Your task is to transcribe, word for word, the line containing "2021년 5월 2일 주보 페이지" and all lines that follow it to the end of the entries. Leave out the pictures.

= = = = = = =

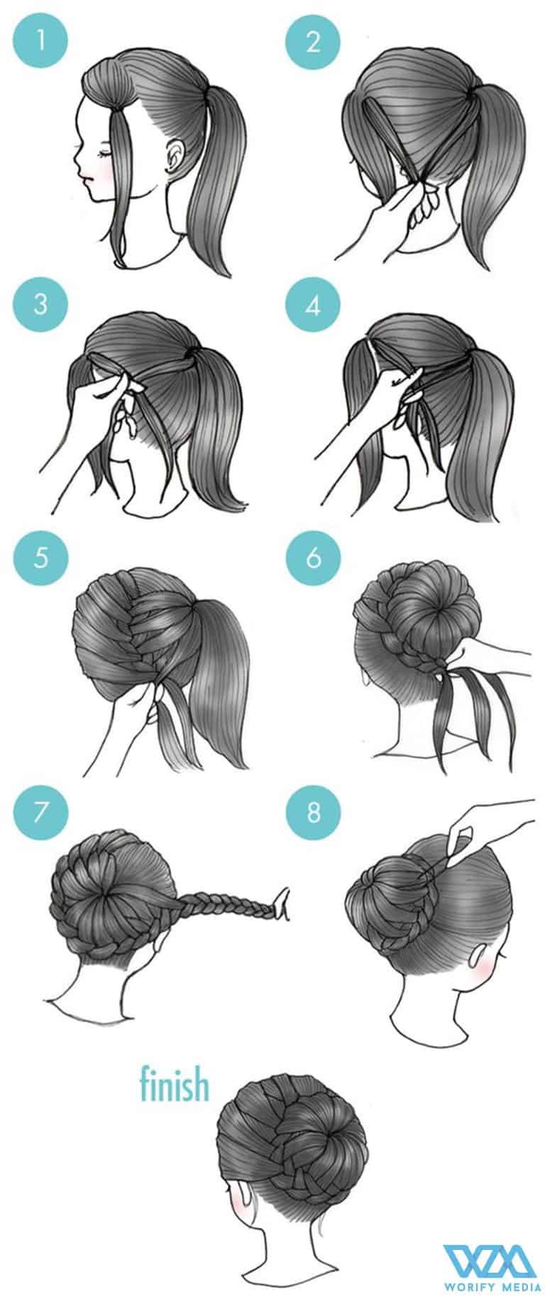 Here are some simple steps which you need to follow for making a fluffy high bun in a few minutes. Just look at the picture and follow the steps.
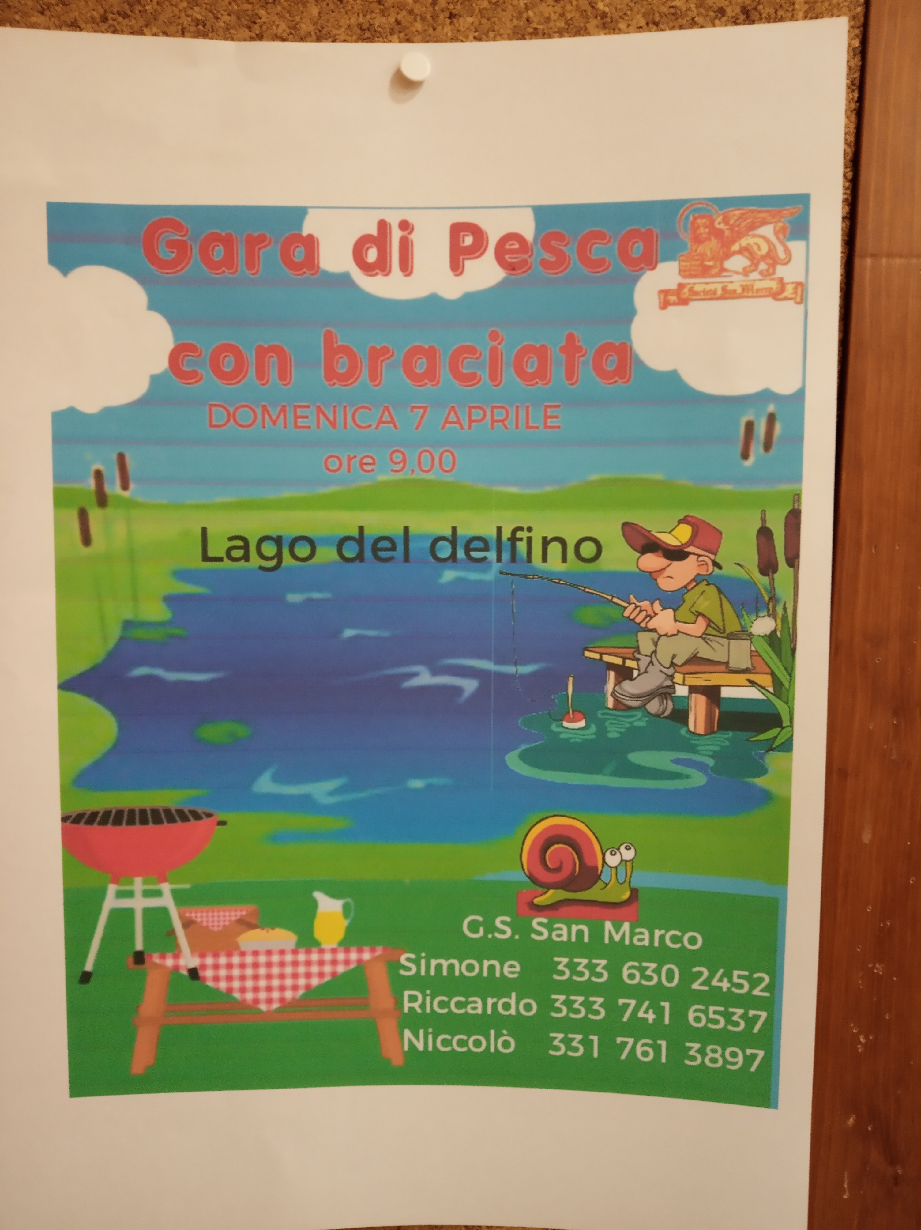 | Il Gruppo Sportivo San Marco ha organizzato per Domenica 7 Aprile gara di pesca con ricca braciata presso il lago del Moro a San Rocco a Pilli.
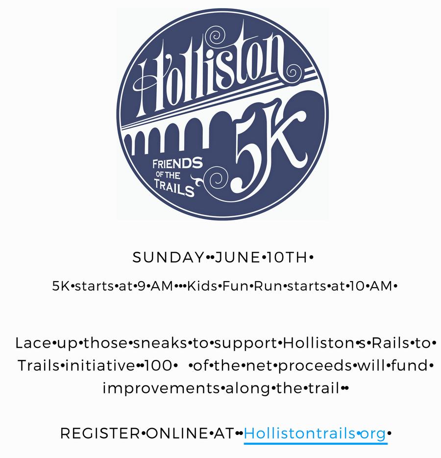 To Register: https://www.racemenu.com/events/155559-Friends-of-Holliston-Trails-5K-and-Kids-Fun-Run or HollistonTrails.org
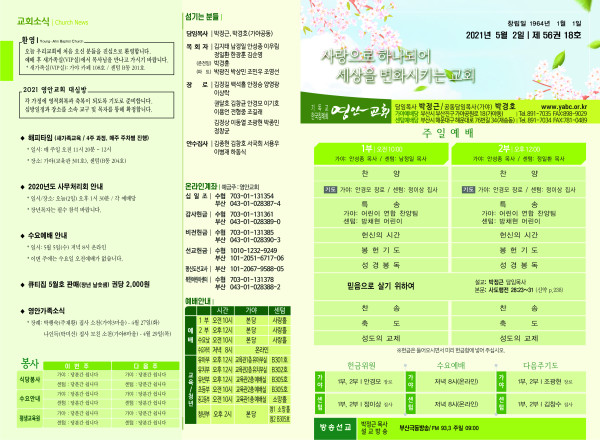 2021년 5월 2일 주보 페이지 정보 작성자 관리지기 작성일21-05-01 09:31 조회6,773회 댓글0건 관련링크 목록 본문 *2021년 5월 2일 주보 댓글목록 등록된 댓글이 없습니다. 목록
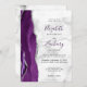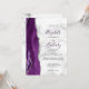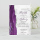Den lämnat kant i eleganten i den moderna bröllopsinbjudan har en lila vattenfärgsagat gräns som trimmas med faux silver glitter. Anpassadet kombinerar handskriftsskript för mörk lila med svart tryckplåt och kursivt typsnitt på en grått- och vit marmorbakgrund. På baksidan finns det utrymme för information om bröllop på en marmorbakgrund, tillsammans med en QR-kodgäst som kan söka efter webbplatsen och OSAN, vilket sparar kostnaderna för utskrift och utskick av separat OSA kort.
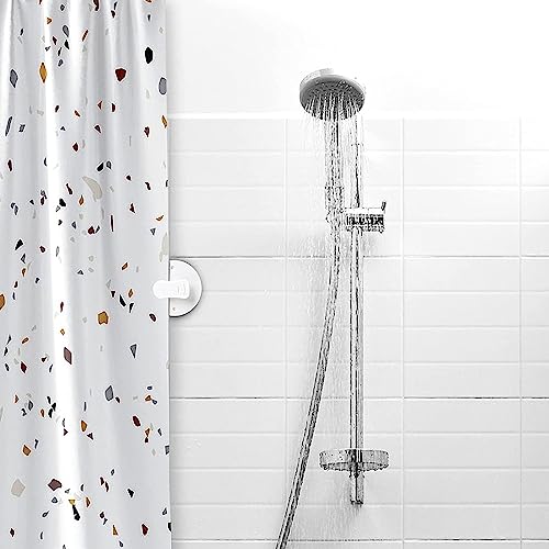 【Design unico】 Speciale progettato per l'uso con tende da doccia per evitare fastidiosi spruzzi d'acqua e vento. grande disco saldamente attaccato al muro, bella forma, clip antiscivolo, evita il vento e gli schizzi d'acqua. Fornisci un ambiente perfetto per la doccia con 8 clip per tende da doccia.
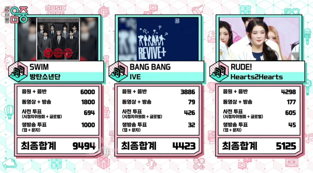 在4月4日的《Show! 音樂中心》中,冠軍之爭相當激烈。前三名候補包括BTS的《SWIM》、IVE的《BANG BANG》以及Hearts2Hearts的《RUDE!》。
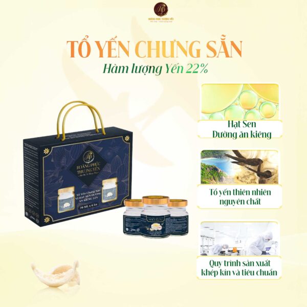 Tổ Yến Chưng Sẵn Hoàng Phúc Thượng Yến Vị Hạt Sen 22% Hộp 6 Lọ
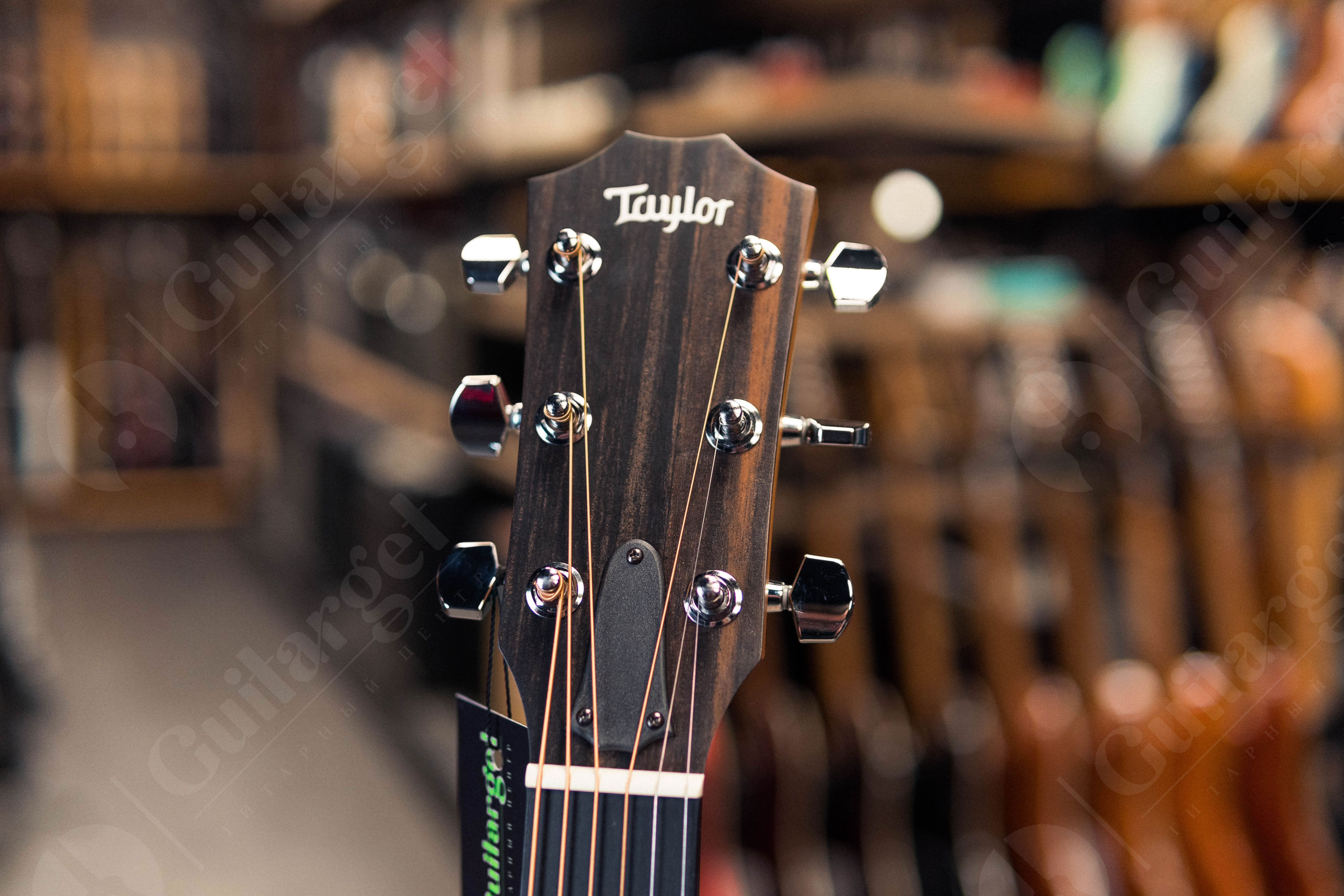Отличительные черты этой модели включают характерный для гитар Taylor тонкий гриф и комфортную ширину порожка 1 11/16 дюйма. Конструкция корпуса из многослойной древесины ореха обеспечивает стабильность инструмента и неприхотливость к изменению внешнего климата, а также придаёт гитаре эффектный внешний вид, а в сочетании с верхней декой из цельной древесины ситхинской ели это даёт великолепное, прекрасно сбалансированное звучание с широким динамическим диапазоном, которое будет только улучшаться с годами.

= = = = = = =

- **Result of the task**:
 2021년 5월 2일 주보 페이지 정보 작성자 관리지기 작성일21-05-01 09:31 조회6,773회 댓글0건 관련링크 목록 본문 *2021년 5월 2일 주보 댓글목록 등록된 댓글이 없습니다. 목록
Den lämnat kant i eleganten i den moderna bröllopsinbjudan har en lila vattenfärgsagat gräns som trimmas med faux silver glitter. Anpassadet kombinerar handskriftsskript för mörk lila med svart tryckplåt och kursivt typsnitt på en grått- och vit marmorbakgrund. På baksidan finns det utrymme för information om bröllop på en marmorbakgrund, tillsammans med en QR-kodgäst som kan söka efter webbplatsen och OSAN, vilket sparar kostnaderna för utskrift och utskick av separat OSA kort.
 【Design unico】 Speciale progettato per l'uso con tende da doccia per evitare fastidiosi spruzzi d'acqua e vento. grande disco saldamente attaccato al muro, bella forma, clip antiscivolo, evita il vento e gli schizzi d'acqua. Fornisci un ambiente perfetto per la doccia con 8 clip per tende da doccia.
 在4月4日的《Show! 音樂中心》中,冠軍之爭相當激烈。前三名候補包括BTS的《SWIM》、IVE的《BANG BANG》以及Hearts2Hearts的《RUDE!》。
 Tổ Yến Chưng Sẵn Hoàng Phúc Thượng Yến Vị Hạt Sen 22% Hộp 6 Lọ
Отличительные черты этой модели включают характерный для гитар Taylor тонкий гриф и комфортную ширину порожка 1 11/16 дюйма. Конструкция корпуса из многослойной древесины ореха обеспечивает стабильность инструмента и неприхотливость к изменению внешнего климата, а также придаёт гитаре эффектный внешний вид, а в сочетании с верхней декой из цельной древесины ситхинской ели это даёт великолепное, прекрасно сбалансированное звучание с широким динамическим диапазоном, которое будет только улучшаться с годами.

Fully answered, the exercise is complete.